STORY: Norway’s $2 trillion sovereign wealth fund, the world’s largest, said on Tuesday (August 12) it expects to divest from more Israeli companies.

It’s part of its ongoing review of investments in the country over the situation in Gaza and the West Bank.

The fund is terminating contracts with external asset managers handling some of its Israeli investments.

And has divested parts of its portfolio in the country over the worsening humanitarian crisis in Gaza.

NBIM CEO Nicolai Tangen told a press conference that they should have had a tighter overview of these investments earlier.

“We are self-critical on this and see that in this special situation, when it comes to a country that is at war, we should have taken control back, so we should have terminated those relationships earlier, so it is something we are addressing as we have said before.”

The review began last week following media reports that the fund had built a stake of just over 2% in an Israeli jet engine group.

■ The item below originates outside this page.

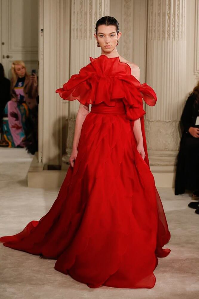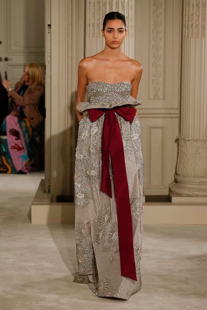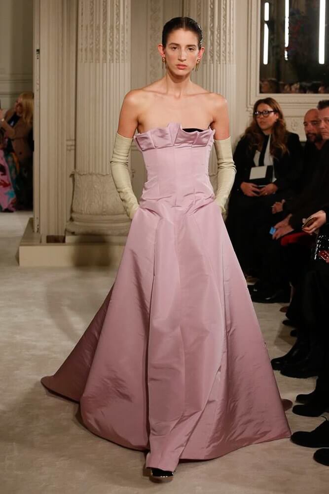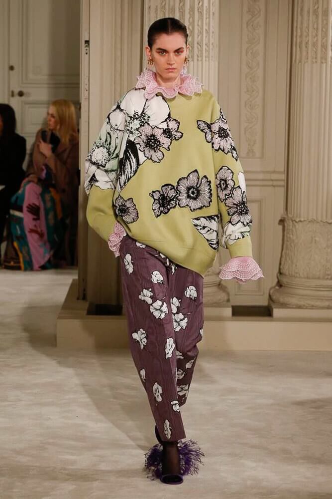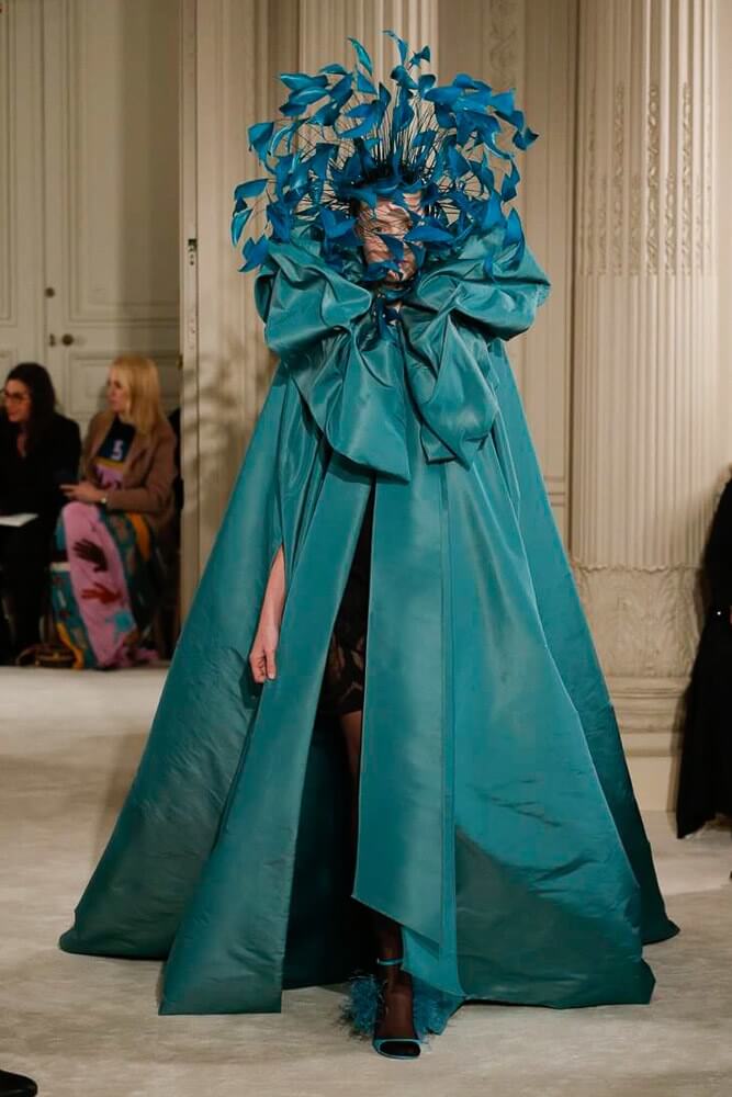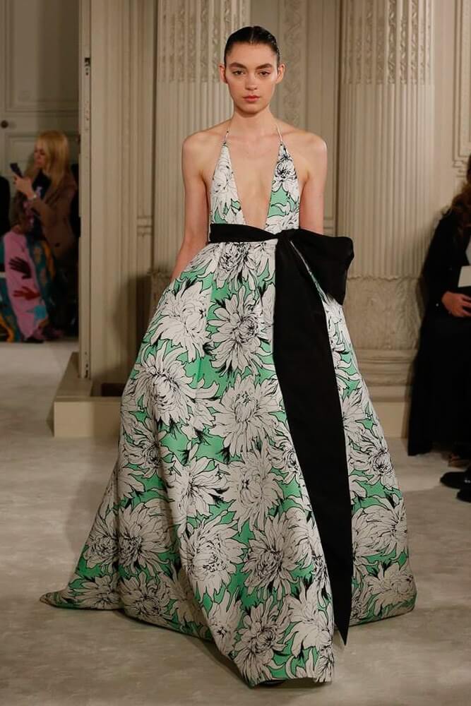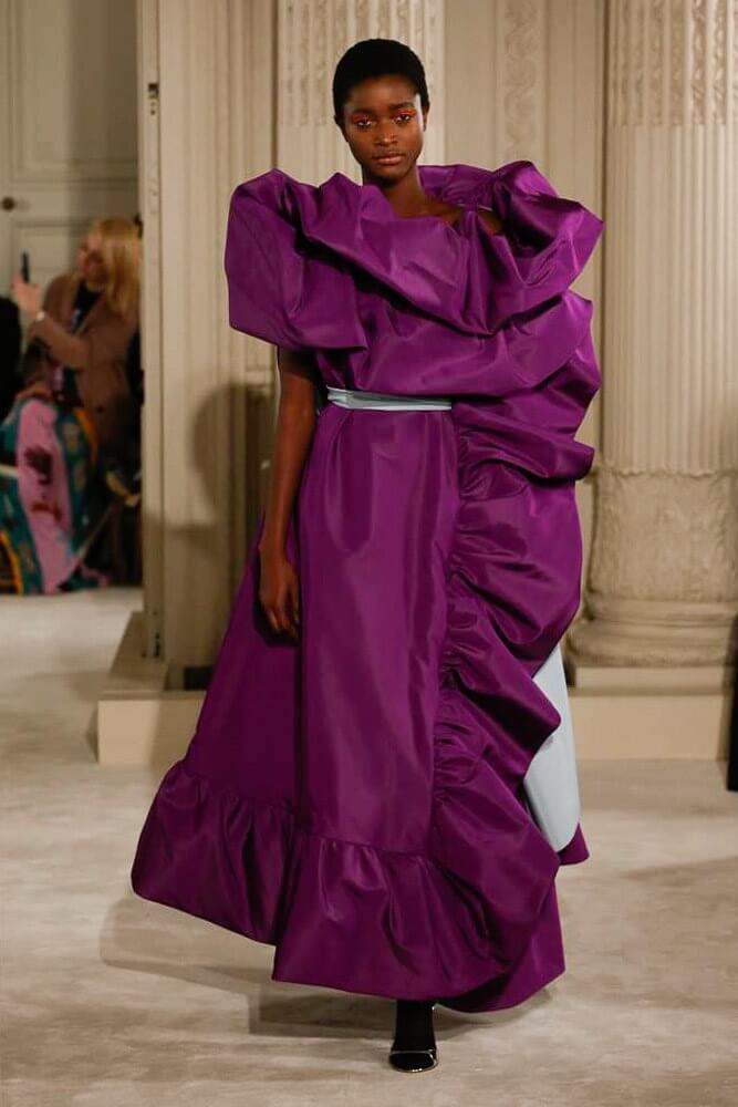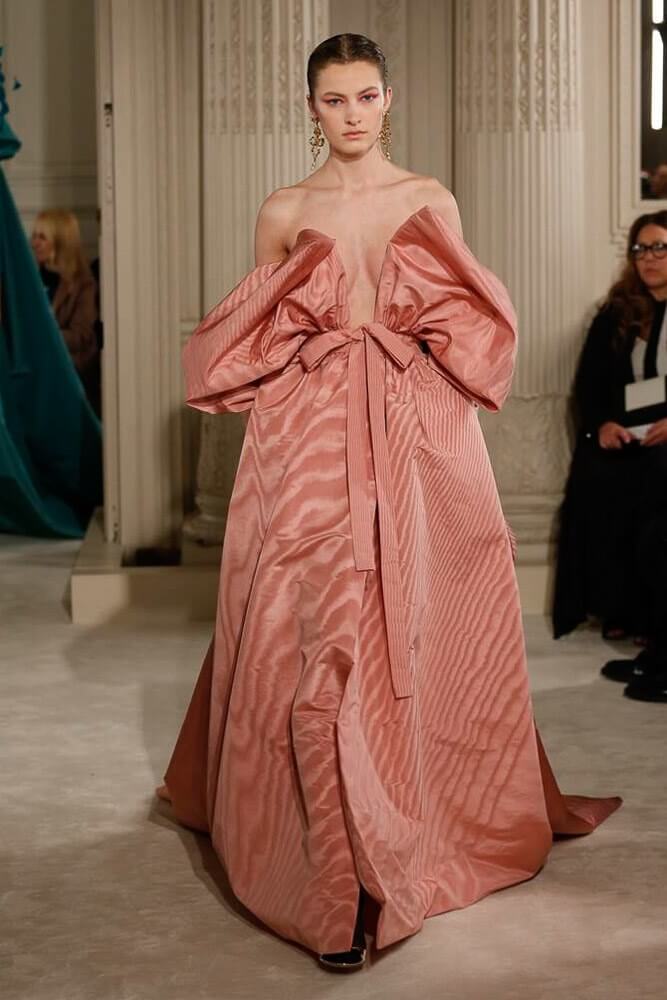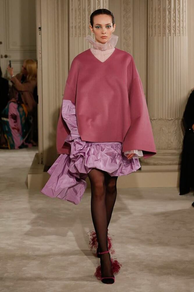 The most incredible colour combinations of couture week. Mint green met a blackcurrant purple and faded to mulberry, always ever so soft. The intensity of shocking raspberry pink, followed by chartreuse, and the Valentino signature- reds so rich and deep. The foil of ancient frescoes, kept it grounded, the whole lot inspired by Andrea Pontormo’s 16th century colour palette. The pieces reverberated through passionate colours. Swaggering details. Bows, like prom dress sashes hung loosely to the side or tied at the back. The hats, larger than life, feathers oscillating with each step designed by Philip Treacy made the drama. Oh, the drama.

Bet Shemesh Engines Ltd provides services to Israel’s armed forces, including the maintenance of fighter jets.

The fund announced on Tuesday that the stake in the company has now been sold.

Bet Shemesh did not respond to requests for comment.

The fund, which invests the Norwegian state’s revenues from oil and gas production, is one of the world’s largest investors.

And owns on average 1.5% of all listed stocks worldwide.